In 1632, Samuel de Champlain, founder of New France, gave his name to the Champlain River. The Commission de toponymie du Québec has noted a "popular version" of the origin of the name, which suggests that Champlain gave the area its name because, "amazed by the beauty of the place, [he] exclaimed to himself, 'What a beautiful flat plain', from the Latin campus planus, 'flat field'." However, the Commission concludes that it is certain that Champlain named the area after himself, as his contemporary record indicates that he named the river the "Rivière de Champlain".

The deed of the seigniory of Champlain, dated April 8, 1664, does not name the seigniory.
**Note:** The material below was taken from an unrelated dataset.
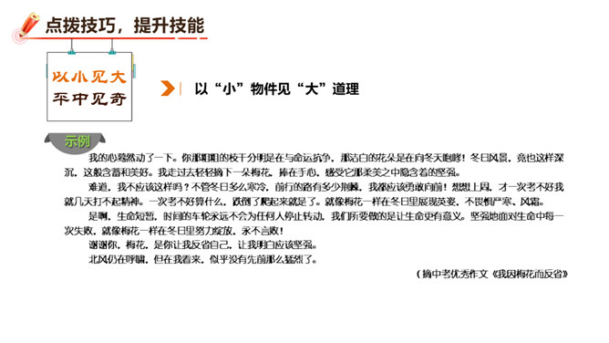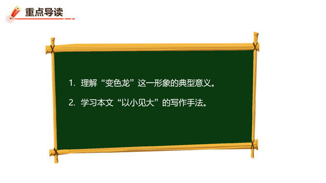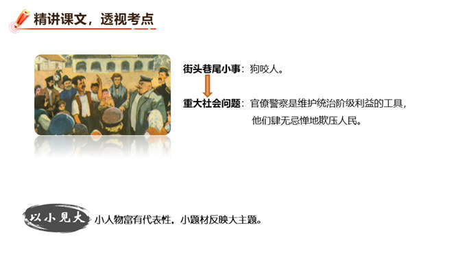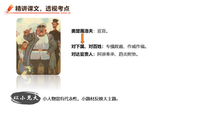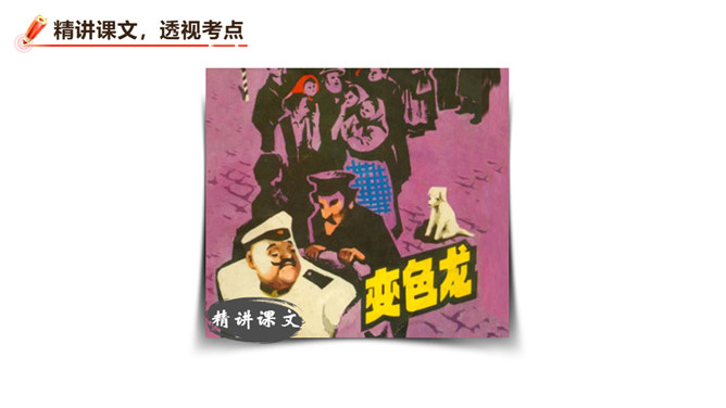 理解“变色龙”这一形象的典型意义。学习本文“以小见大”的写作手法。契诃夫,俄罗斯世界级短篇小说巨匠,杰出的剧作家,是俄罗斯19世纪末期最后一位批判现实主义艺术大师,与法国作家莫泊桑和美国作家欧·亨利并称为“世界三大短篇小说家”。街头巷尾小事:狗咬人。重大社会问题:官僚警察是维护统治阶级利益的工具,他们肆无忌惮地欺压人民。小人物富有代表性,小题材反映大主题。所属专题:变色龙ppt。

The deed only mentions that the granted land extended "from the Champlain River following the said river [Saint Lawrence] to the said Trois-Rivières". It appears that it was the first seigneur, Étienne Pézard de la Touche, who gave the name of "Champlain" to the seigniory, then to the parish.
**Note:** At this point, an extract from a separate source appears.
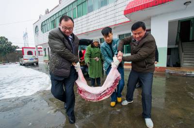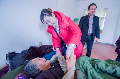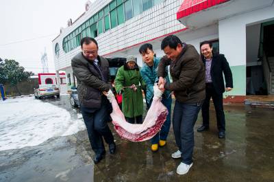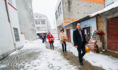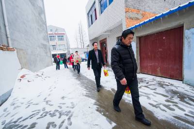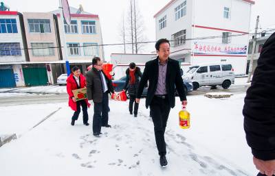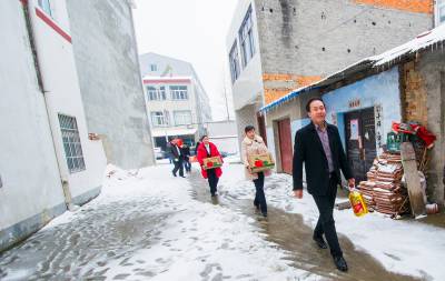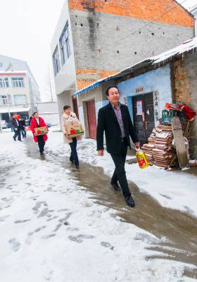 1月29日上午,雪花飞舞,天寒地冻。云梦县义堂镇福利院的孤寡老人们和城关镇西王村的贫困户方小香做梦也没有想到,在这样恶劣的天气里,孝感市人大代表、湖北梦珠大酒店有限公司董事长邹建安会带公司中层干部一行顶风冒雪去慰问他们,为他们送来肉、鱼、水果、米、暖手宝等过冬物资和慰问金,并为老人们清扫了积雪,让他们感受到社会大家庭的温暖。 (王云清 摄)

By 1668, the documents relating to the residents of Champlain mention they live in "La Touche-Champlain", or simply "Champlain" from 1669 onwards. In 1684, the area was already well known as Champlain, demonstrated when Bishop Laval, finally giving the official titles of the parish twenty years after its foundation, referred to: "the place commonly called Champlain".

As for the family name of the seigneurs, by 1680 the first seigneur referred to himself as La Touche-Champlain, and Pézard Champlain by 1693. His successor referred to himself as Pézard Latouche-Champlain by 1702.
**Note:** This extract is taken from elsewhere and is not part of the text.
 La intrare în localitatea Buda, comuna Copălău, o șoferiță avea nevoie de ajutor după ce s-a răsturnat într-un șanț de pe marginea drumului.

In 1829 the name was used for the electoral district for the area in the Legislative Assembly of Lower Canada, and in 1841, the electoral district for the Legislative Assembly of the Province of Canada. The name was given to the municipality in 1845, and then to the federal and provincial electoral districts in 1867.

== History ==

=== Beginnings of French settlement ===

The Champlain municipality lies on the territory of the former seigniories of Marsolet and l'Arbre-à-la-Croix, both granted on April 5, 1644, and the seigniory of Champlain, granted on August 8, 1664.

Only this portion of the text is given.